Re: BUG #17255: Server crashes in index_delete_sort_cmp() due to race condition with vacuum - Mailing list pgsql-bugs

From Peter Geoghegan
Subject Re: BUG #17255: Server crashes in index_delete_sort_cmp() due to race condition with vacuum
Date
Msg-id CAH2-WznYsUxVT156rCQ+q=YD4S4=1M37hWvvHLz-H1pwSM8-Ew@mail.gmail.com
Whole thread Raw
In response to Re: BUG #17255: Server crashes in index_delete_sort_cmp() due to race condition with vacuum  (Andres Freund <andres@anarazel.de>)
Responses Re: BUG #17255: Server crashes in index_delete_sort_cmp() due to race condition with vacuum  (Peter Geoghegan <pg@bowt.ie>)
Re: BUG #17255: Server crashes in index_delete_sort_cmp() due to race condition with vacuum  (Andres Freund <andres@anarazel.de>)
List pgsql-bugs
On Fri, Dec 10, 2021 at 8:57 PM Andres Freund <andres@anarazel.de> wrote:
> 0004 is a patch that tries to address your point about the GlobalVisTestFor()
>   placement, sort of

Following up on this now (will follow up on the "harden pruning" patch
separately).

>   My earlier point that moving it to earlier would be a bad idea because it'd
>   make the horizon "older" was bogus - GlobalVisTestFor() doesn't itself do
>   any horizon determination.

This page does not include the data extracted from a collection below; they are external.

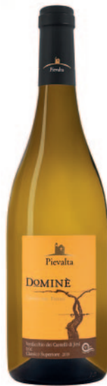
VERDICCHIO DOMINÈ DOC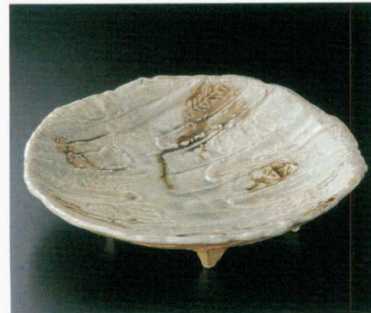
01810-174 ビードロ尺寸大盛鉢 5,300円 12入 (31×7cm)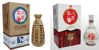
图1 大夏贡窖藏年份酒

色彩是酒类包装设计的一大主题，它是对人们视觉上的刺激，从而在客观上决定了白酒的产品的形象，所以色彩设计十分重要。色彩设在充分装饰酒类的同时，也恰到好处的做了酒类的说明书。如宁夏大夏贡窖藏年份酒(如图1)的外包装设计采用了西夏时期的黑、白、褐三基色，辅以红、蓝、黄等色彩，将西夏文字和中国的龙凤图腾大胆演绎、匠心独用，在色彩中实现了中国传统酒文化、西夏文化与现代人们对品质、健康、时尚元素追求的完美融合。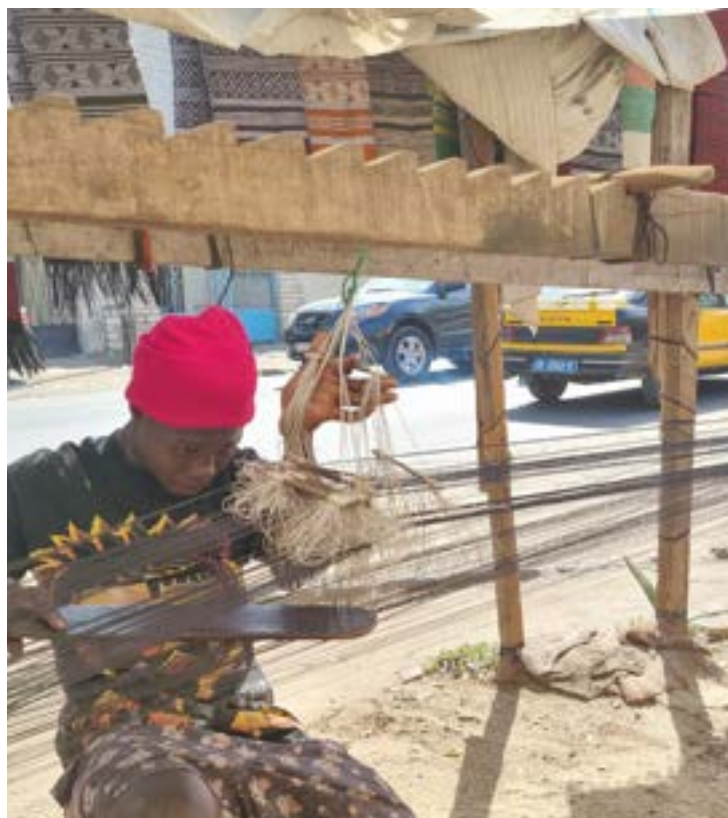
Imagem 66. Detalhe de homem trabalhando no tear Manjak. Le Balafon, s/d.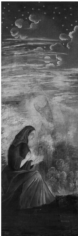
PAUL CÉZANNE (1839–1906) festménye

Csendes éjjel keltául. De megmaradtak azok az örök karácsonyok, és a kertbe költözött fenyők. Mert sokan várjuk a csodát, legalább évente egyszer. De hó már ritkán esik azon az estén. Vannak, akik tagadják még a globális felmelegedést is.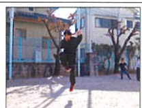
「地域の方とのつながり」

11月16日、町会行事に小学生24名が参加し、皆でドッチボールやゴム跳び、けん玉、バドミントン、卓球をしました。「好きなものから遊んで良いよ」の掛け声に合わせて一斉に移動します。けん玉やゴム跳びでは、町会の方から遊び方を教えてもらいました。卓球、バドミントンはとても人気で、順番を待っている児童も多くいました。「あと1点でおれの勝ちや」「うわー惜しかった」と全力でプレーしていました。遊んだ後は用意してお弁当を頂きました。「めっちゃ美味しかった」とあつという間に食べ終わっていました。みかんも頂き、「先生、手黄色くなった」と喜んでいました。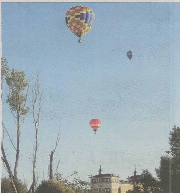
Catorce globos surcaron ayer el cielo de Valladolid.

However moving the GlobalVisTestFor() earlier
>   still seems wrong - imo the vacuum_set_xid_limits() call should be moved to
>   later. The attached patch moves both, wrapped in a new function, to just
>   before the scan in lazy_scan_heap().

Attached is (roughly speaking) a rebased version of this patch (i.e.
your v4-0004- patch from the patch series). Like your patch, this
patch documents our expectations for vistest and OldestXmin. Unlike
your patch, it makes all vacrel initialization take place before
lazy_scan_heap is called, from inside heap_vacuum_rel.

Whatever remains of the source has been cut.